Michelle · Sep 16, 2009

Peter,

[. . . ]
Frankly, the more you explain about the basic problem, the less I feel
Files have structures; I can guarantee you whatever this kind of file is,
the intended user code doesn't need to search for things. It simply
parses the data and knows the precise location of particular kinds of
data within the file.

The original file has a structure with non fixed-length records.
There's less documentation (and no official one) available, so reverse
engineering is the only option.
We have the data obtained through data-recovery.
So, between the requested records, there's other data stored.
We can no longer rely on the original file structure.
Because we don't need the complete record information, it's enough to find
the mentioned patterns and reed some bytes before or after these patterns.
Of course there is risk of false positives. But the combination of the
pattern and the available bytes found, makes it acceptable.
Because we need to do this more than once, and using WinHex is a lot of
work, we decided to (try) write an application for this (only for internal
use).
Unfortunately I can't share all the details to the "why"s and "what"s, etc.
related to our problem.

Summarized it comes down:
Search for the pattern: 0xFF 0x56 0x13 0x1A 0x1B 0x08 0x7B 0x15 0x61 0x08
0x00 0x15 0x1E
Read the previous 4 bytes (convert them to a Decimal value)

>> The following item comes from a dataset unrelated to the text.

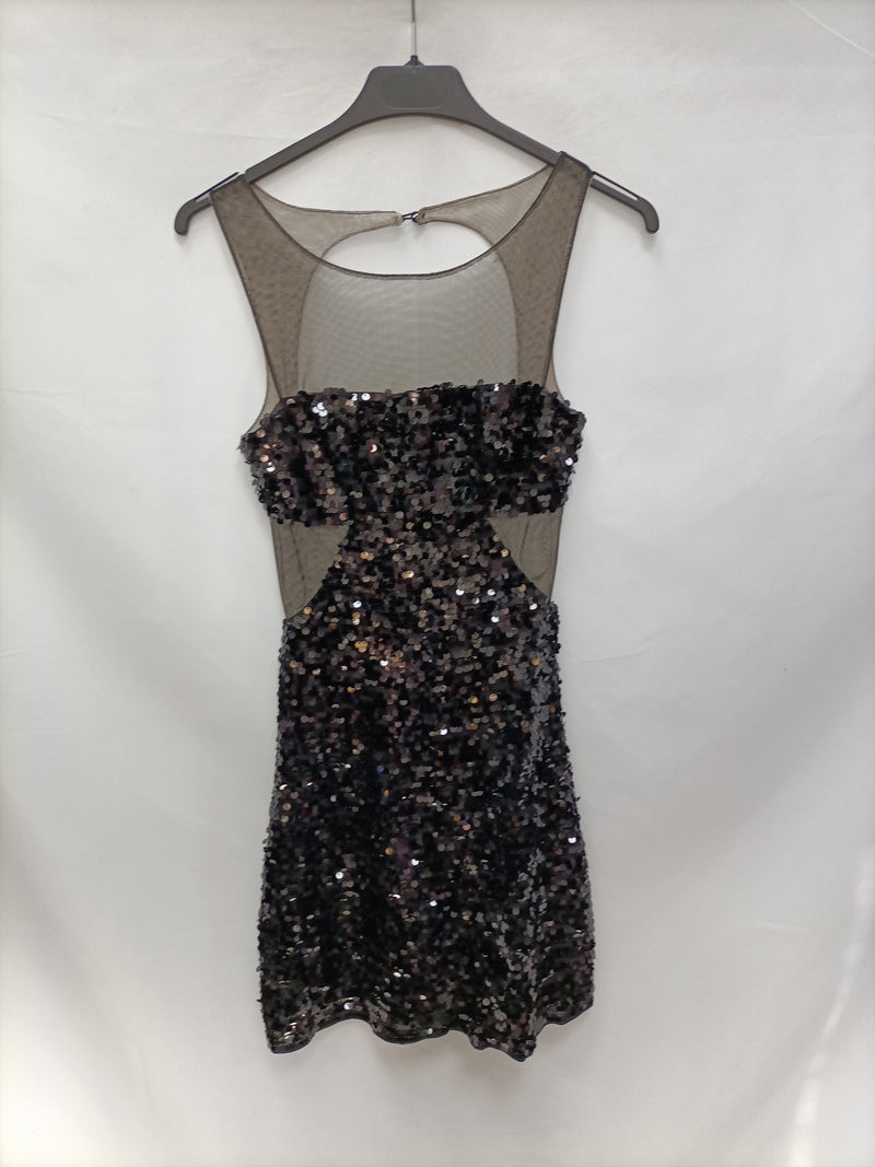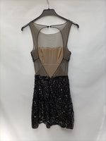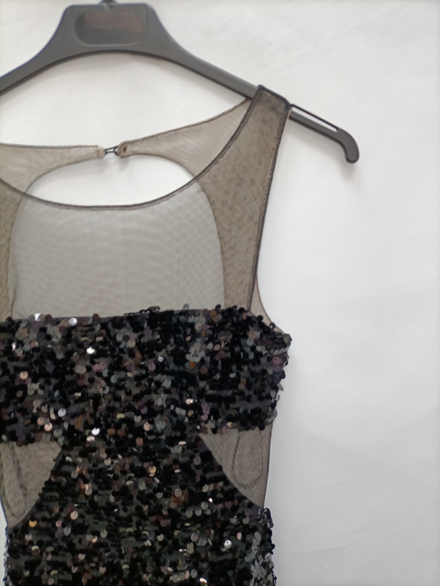Vestido de lentejuelas negro con la espalda al aire y los tirantes y escore de tul.

Search for the pattern: 0x07 0x00 0xXX 0x00 0x00 0x00 0x07 0x00 0xYY 0x00
0x00 0x00 0x08 0x00 ( where 0xXX can have 4 and 0xYY 6 different values)
Read the next 8 bytes (convert them to a Decimal value)

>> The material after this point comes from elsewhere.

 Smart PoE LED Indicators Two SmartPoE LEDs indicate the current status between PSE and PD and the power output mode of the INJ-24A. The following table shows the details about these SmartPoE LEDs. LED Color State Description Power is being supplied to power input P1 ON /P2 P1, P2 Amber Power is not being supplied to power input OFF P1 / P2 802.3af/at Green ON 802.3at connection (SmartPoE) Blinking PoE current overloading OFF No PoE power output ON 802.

[. . .] You could search for the sub-components individually. Look for
one, then look for the other in the specific place it should be if you
find the first. Though, if Regex makes the code simpler, it might well
be worth it anyway, even if it doesn't perform as well.

Can I do this with the example you created ?

Yesterday I spent my day reading documentation on various algorithms and C#
examples.
The problem is that all the examples I've found on the Internet, they
intended to search for strings and not bytes.
So, I've got a challenge

)

I appreciate your help extremely !

Michelle

Michelle · Sep 16, 2009

Tom,

This sounds like a highly structured file - *surely* there is some sort
of descriptor at the start of it that contains a pointer to these
records.

[ . . . ]

Please read my reply on Peter's contribution.

And also for you Tom.
I appreciate your help extremely !

Michelle

Peter Duniho · Sep 16, 2009

[...]
Summarized it comes down:
Search for the pattern: 0xFF 0x56 0x13 0x1A 0x1B 0x08 0x7B 0x15 0x61 0x08
0x00 0x15 0x1E
Read the previous 4 bytes (convert them to a Decimal value)

Search for the pattern: 0x07 0x00 0xXX 0x00 0x00 0x00 0x07 0x00 0xYY 0x00
0x00 0x00 0x08 0x00 ( where 0xXX can have 4 and 0xYY 6 different values)
Read the next 8 bytes (convert them to a Decimal value)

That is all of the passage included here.